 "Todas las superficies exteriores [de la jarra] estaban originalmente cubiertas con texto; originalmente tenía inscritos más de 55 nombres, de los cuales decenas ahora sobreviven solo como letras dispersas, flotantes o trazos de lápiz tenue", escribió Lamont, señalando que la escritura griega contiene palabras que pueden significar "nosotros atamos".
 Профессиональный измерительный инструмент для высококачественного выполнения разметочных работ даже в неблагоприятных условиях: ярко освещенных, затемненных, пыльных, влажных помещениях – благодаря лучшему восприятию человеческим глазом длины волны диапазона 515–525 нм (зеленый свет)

...

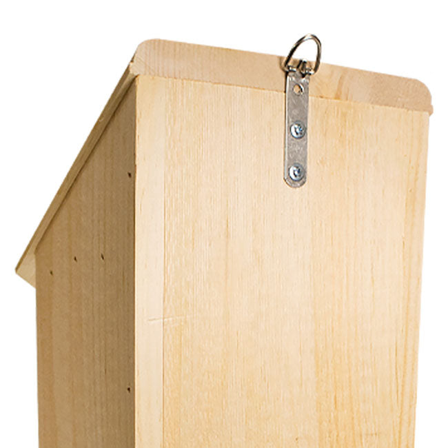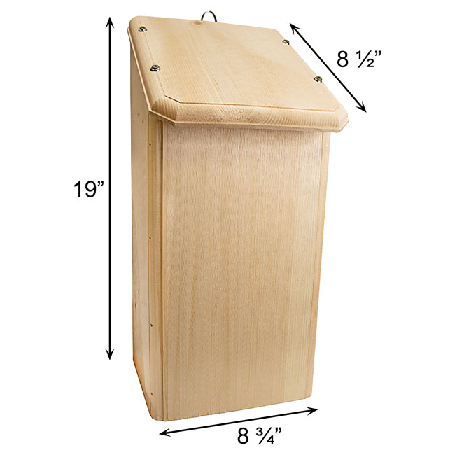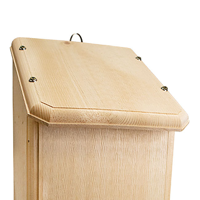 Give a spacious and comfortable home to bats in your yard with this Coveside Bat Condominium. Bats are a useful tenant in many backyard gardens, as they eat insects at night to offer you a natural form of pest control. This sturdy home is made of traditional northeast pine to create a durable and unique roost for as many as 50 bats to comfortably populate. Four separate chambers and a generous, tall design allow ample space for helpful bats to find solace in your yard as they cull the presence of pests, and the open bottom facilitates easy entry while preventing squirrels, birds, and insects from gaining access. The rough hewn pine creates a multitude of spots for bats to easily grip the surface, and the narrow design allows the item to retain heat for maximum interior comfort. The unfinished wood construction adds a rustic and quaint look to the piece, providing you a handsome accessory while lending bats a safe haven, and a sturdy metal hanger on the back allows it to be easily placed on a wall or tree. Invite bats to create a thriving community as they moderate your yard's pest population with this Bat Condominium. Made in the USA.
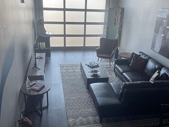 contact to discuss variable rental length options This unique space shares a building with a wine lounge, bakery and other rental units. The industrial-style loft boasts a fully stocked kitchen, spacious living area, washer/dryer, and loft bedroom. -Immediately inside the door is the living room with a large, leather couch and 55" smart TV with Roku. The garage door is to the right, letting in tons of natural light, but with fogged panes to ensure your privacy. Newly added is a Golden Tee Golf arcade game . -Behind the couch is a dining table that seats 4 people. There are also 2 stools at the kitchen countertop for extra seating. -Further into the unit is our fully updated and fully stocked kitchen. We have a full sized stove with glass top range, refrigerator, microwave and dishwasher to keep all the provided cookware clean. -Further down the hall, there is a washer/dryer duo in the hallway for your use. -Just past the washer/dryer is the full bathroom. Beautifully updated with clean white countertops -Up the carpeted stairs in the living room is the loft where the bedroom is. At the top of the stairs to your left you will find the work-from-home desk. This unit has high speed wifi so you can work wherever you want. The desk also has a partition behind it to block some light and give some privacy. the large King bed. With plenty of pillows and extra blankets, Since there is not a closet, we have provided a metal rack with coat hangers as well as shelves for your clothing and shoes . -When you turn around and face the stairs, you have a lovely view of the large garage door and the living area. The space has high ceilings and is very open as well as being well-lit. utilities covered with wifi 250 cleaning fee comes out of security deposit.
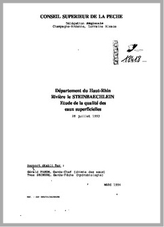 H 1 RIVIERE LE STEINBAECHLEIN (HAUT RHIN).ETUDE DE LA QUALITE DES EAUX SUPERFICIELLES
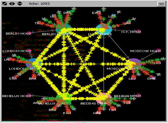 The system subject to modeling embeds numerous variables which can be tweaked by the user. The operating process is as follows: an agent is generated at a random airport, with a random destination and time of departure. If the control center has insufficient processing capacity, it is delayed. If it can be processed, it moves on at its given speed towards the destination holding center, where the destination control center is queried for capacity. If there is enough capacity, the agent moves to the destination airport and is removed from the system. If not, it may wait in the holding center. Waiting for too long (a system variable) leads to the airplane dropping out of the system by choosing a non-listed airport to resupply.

• The task: A verbatim transcription is needed of the lines above, starting at the line with "las superficies exteriores" and ending at the line with "Профессиональный измерительный инструмент", both included, and of nothing else.

• The completed task:
 "Todas las superficies exteriores [de la jarra] estaban originalmente cubiertas con texto; originalmente tenía inscritos más de 55 nombres, de los cuales decenas ahora sobreviven solo como letras dispersas, flotantes o trazos de lápiz tenue", escribió Lamont, señalando que la escritura griega contiene palabras que pueden significar "nosotros atamos".
 Профессиональный измерительный инструмент для высококачественного выполнения разметочных работ даже в неблагоприятных условиях: ярко освещенных, затемненных, пыльных, влажных помещениях – благодаря лучшему восприятию человеческим глазом длины волны диапазона 515–525 нм (зеленый свет)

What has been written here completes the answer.